Daniel Hunt: My own country, the United Kingdom, is usually considered a puppet of the United States but it has its own foreign policy in Latin America which has hardened during the last 10 years of conservative rule. What were your experiences with UK governments and what is your view of UK/Brazil relations now?

Lula: I’m going to tell you something new. When I was a union leader here in the city of São Bernardo do Campo during the 80s, I went to participate in a strike in England, when the miners went on strike for 11 months and Margaret Thatcher defeated them. I spent two days there giving speeches and marching with the miners.

Brazil’s relationship with the UK is very respectful.

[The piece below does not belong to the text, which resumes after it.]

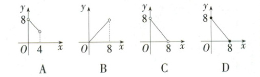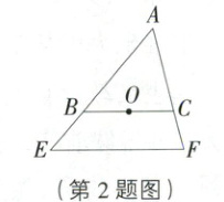 2. 如图,点O是$\triangle$AEF的内心,过点O作BC $//$ EF分别交AE,AF于点B,C,已知$\triangle$AEF的周长为8,EF = x,$\triangle$ABC的周长为y,则表示y与x的函数图象大致是()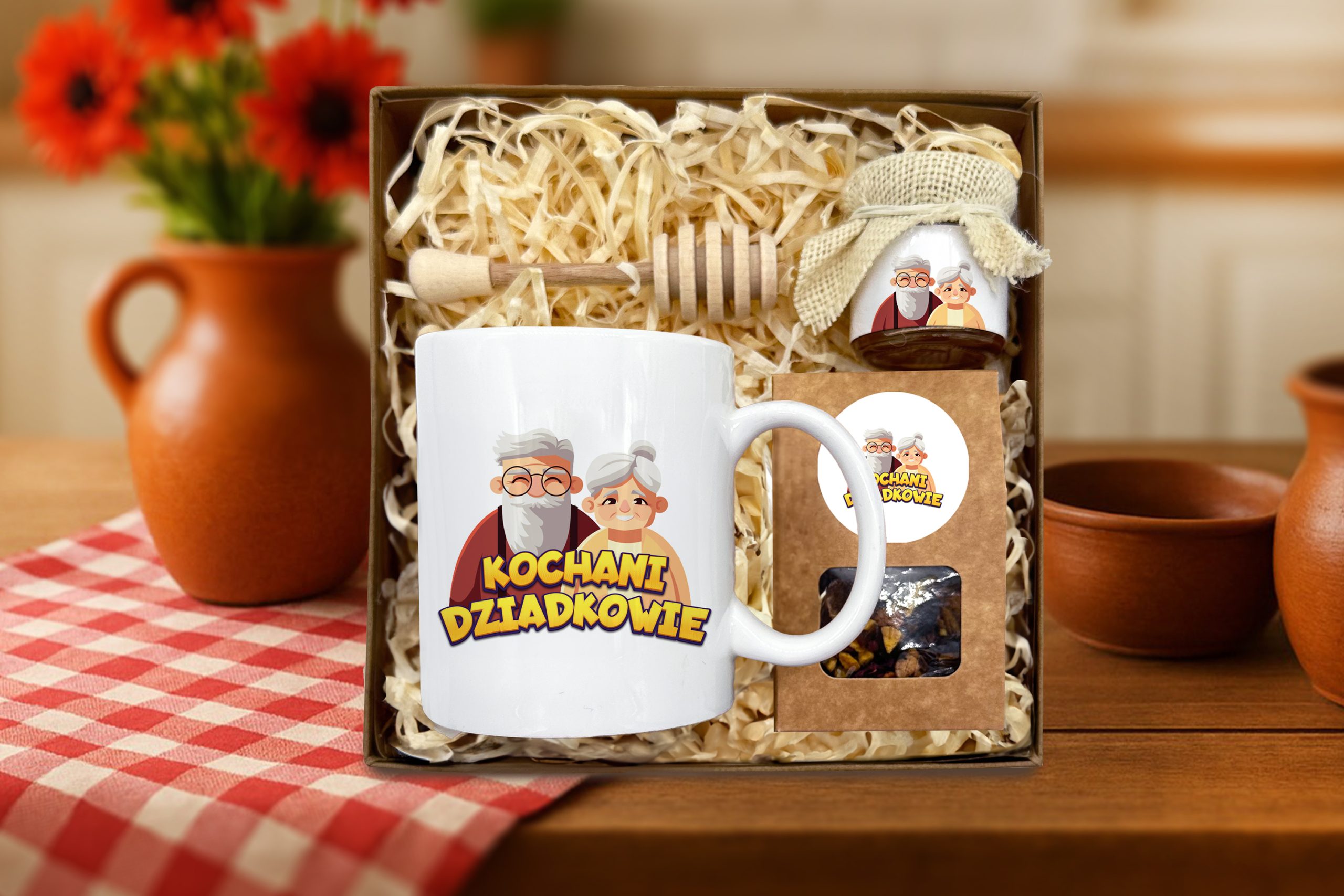 Zestaw Prezentowy - dla Babci i Dziadka - Kubek Dziadkowie, miód, czerpak, herbata

There was a time in Brazil when the figure of the Queen was something seen as beyond the normal comprehension of humans. I don’t know if you know this but here in Brazil they will still do things like broadcast a royal baptism on TV. England has the only Queen that still maintains the power of the crown.

I had a good and respectful relationship with Tony Blair and I had a good relationship with Gordon Brown. Those were the two governments with which I had contact. Tony Blair’s role in the decision to join the war in Iraq was unfortunate. He knows this. He is regularly accosted on the streets of London because of the war in Iraq. He knew there were no chemical weapons in Iraq. Do you know why we also knew about this? Because the Secretary who took care of the UN’s department of nuclear weapons was Brazilian. It was Ambassador Bustani. He was the Secretary who dealt with chemical weapons. And he wore himself out saying, “they don’t have them”. The Americans ordered Fernando Henrique Cardoso to remove Bustani because of this. So they appointed someone from Japan who said they did have them. How long has it been since they invaded Iraq? Where are the chemical weapons? The only chemical weapons they had there were Saddam Hussein himself, who lied to his people the whole time and Bush, who lied to the World the whole time.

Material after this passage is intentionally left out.